START EXERCISE INPUT

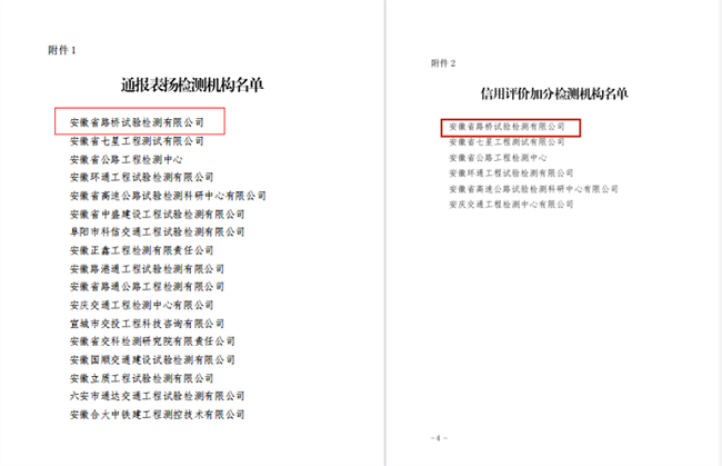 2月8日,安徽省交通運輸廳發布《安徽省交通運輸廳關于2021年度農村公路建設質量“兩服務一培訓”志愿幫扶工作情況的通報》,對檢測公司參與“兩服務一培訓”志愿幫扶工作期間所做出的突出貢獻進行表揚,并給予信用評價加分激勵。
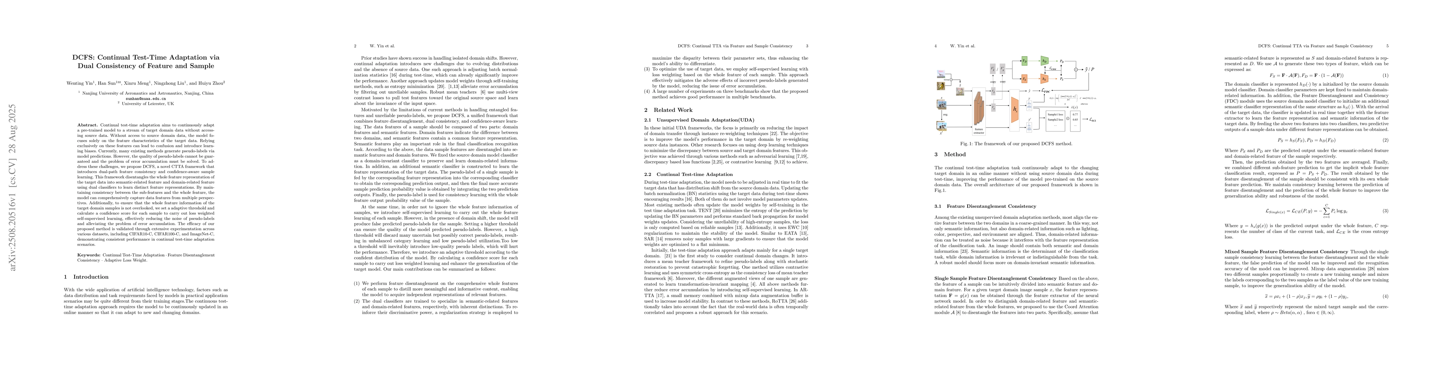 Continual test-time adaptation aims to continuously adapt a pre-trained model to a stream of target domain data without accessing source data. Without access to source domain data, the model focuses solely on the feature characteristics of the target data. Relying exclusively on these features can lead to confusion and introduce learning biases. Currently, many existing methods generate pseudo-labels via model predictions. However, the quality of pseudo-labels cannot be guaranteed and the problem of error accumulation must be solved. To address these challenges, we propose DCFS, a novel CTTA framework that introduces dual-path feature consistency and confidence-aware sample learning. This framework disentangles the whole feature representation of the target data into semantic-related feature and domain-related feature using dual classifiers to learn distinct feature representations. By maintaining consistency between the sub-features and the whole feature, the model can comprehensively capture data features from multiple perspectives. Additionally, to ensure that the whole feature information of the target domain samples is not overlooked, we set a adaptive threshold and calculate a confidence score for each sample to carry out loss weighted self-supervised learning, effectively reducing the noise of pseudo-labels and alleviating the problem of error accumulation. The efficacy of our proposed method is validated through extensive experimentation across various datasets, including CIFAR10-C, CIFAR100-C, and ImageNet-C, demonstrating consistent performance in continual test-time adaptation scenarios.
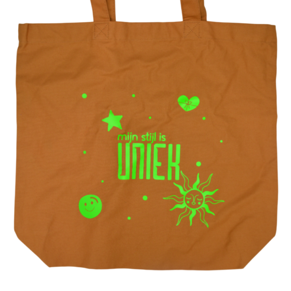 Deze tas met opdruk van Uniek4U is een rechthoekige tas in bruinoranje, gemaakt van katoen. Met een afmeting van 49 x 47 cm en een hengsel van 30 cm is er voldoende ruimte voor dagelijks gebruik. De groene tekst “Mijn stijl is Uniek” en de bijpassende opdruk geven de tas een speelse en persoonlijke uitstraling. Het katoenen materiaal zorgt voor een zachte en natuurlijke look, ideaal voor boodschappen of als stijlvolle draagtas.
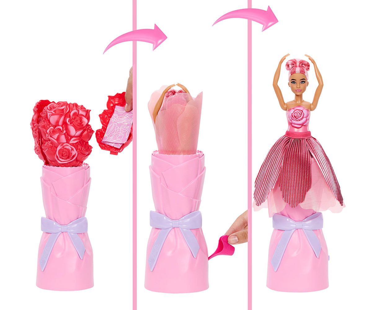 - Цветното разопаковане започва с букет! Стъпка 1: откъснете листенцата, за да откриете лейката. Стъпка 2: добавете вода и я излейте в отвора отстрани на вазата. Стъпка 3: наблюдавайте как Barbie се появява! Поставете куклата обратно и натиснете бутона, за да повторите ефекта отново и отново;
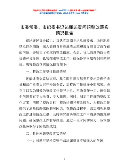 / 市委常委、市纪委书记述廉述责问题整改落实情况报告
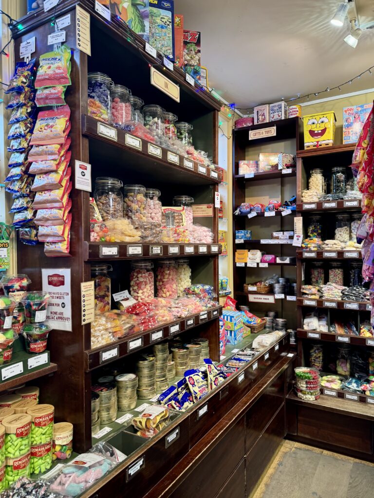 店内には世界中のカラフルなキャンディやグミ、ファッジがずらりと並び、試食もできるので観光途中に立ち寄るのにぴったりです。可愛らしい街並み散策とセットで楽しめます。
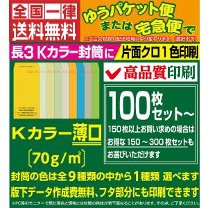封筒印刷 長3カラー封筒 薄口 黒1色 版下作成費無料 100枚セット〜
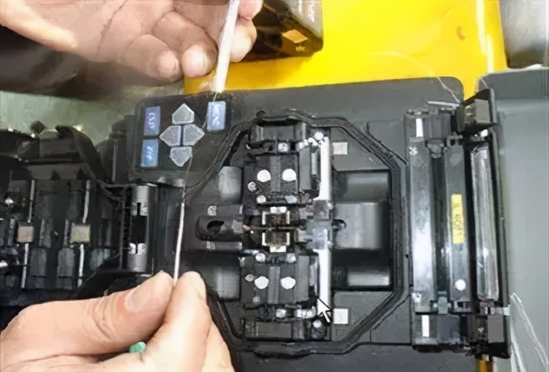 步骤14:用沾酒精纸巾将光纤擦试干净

END EXERCISE INPUT

* [YOUR GOAL]: Transcribe each record exactly as it appears, but omit every picture.

* [SOLUTION FOR THIS PROBLEM]:
 2月8日,安徽省交通運輸廳發布《安徽省交通運輸廳關于2021年度農村公路建設質量“兩服務一培訓”志愿幫扶工作情況的通報》,對檢測公司參與“兩服務一培訓”志愿幫扶工作期間所做出的突出貢獻進行表揚,并給予信用評價加分激勵。
 Continual test-time adaptation aims to continuously adapt a pre-trained model to a stream of target domain data without accessing source data. Without access to source domain data, the model focuses solely on the feature characteristics of the target data. Relying exclusively on these features can lead to confusion and introduce learning biases. Currently, many existing methods generate pseudo-labels via model predictions. However, the quality of pseudo-labels cannot be guaranteed and the problem of error accumulation must be solved. To address these challenges, we propose DCFS, a novel CTTA framework that introduces dual-path feature consistency and confidence-aware sample learning. This framework disentangles the whole feature representation of the target data into semantic-related feature and domain-related feature using dual classifiers to learn distinct feature representations. By maintaining consistency between the sub-features and the whole feature, the model can comprehensively capture data features from multiple perspectives. Additionally, to ensure that the whole feature information of the target domain samples is not overlooked, we set a adaptive threshold and calculate a confidence score for each sample to carry out loss weighted self-supervised learning, effectively reducing the noise of pseudo-labels and alleviating the problem of error accumulation. The efficacy of our proposed method is validated through extensive experimentation across various datasets, including CIFAR10-C, CIFAR100-C, and ImageNet-C, demonstrating consistent performance in continual test-time adaptation scenarios.
 Deze tas met opdruk van Uniek4U is een rechthoekige tas in bruinoranje, gemaakt van katoen. Met een afmeting van 49 x 47 cm en een hengsel van 30 cm is er voldoende ruimte voor dagelijks gebruik. De groene tekst “Mijn stijl is Uniek” en de bijpassende opdruk geven de tas een speelse en persoonlijke uitstraling. Het katoenen materiaal zorgt voor een zachte en natuurlijke look, ideaal voor boodschappen of als stijlvolle draagtas.
 - Цветното разопаковане започва с букет! Стъпка 1: откъснете листенцата, за да откриете лейката. Стъпка 2: добавете вода и я излейте в отвора отстрани на вазата. Стъпка 3: наблюдавайте как Barbie се появява! Поставете куклата обратно и натиснете бутона, за да повторите ефекта отново и отново;
 / 市委常委、市纪委书记述廉述责问题整改落实情况报告
 店内には世界中のカラフルなキャンディやグミ、ファッジがずらりと並び、試食もできるので観光途中に立ち寄るのにぴったりです。可愛らしい街並み散策とセットで楽しめます。
封筒印刷 長3カラー封筒 薄口 黒1色 版下作成費無料 100枚セット〜
 步骤14:用沾酒精纸巾将光纤擦试干净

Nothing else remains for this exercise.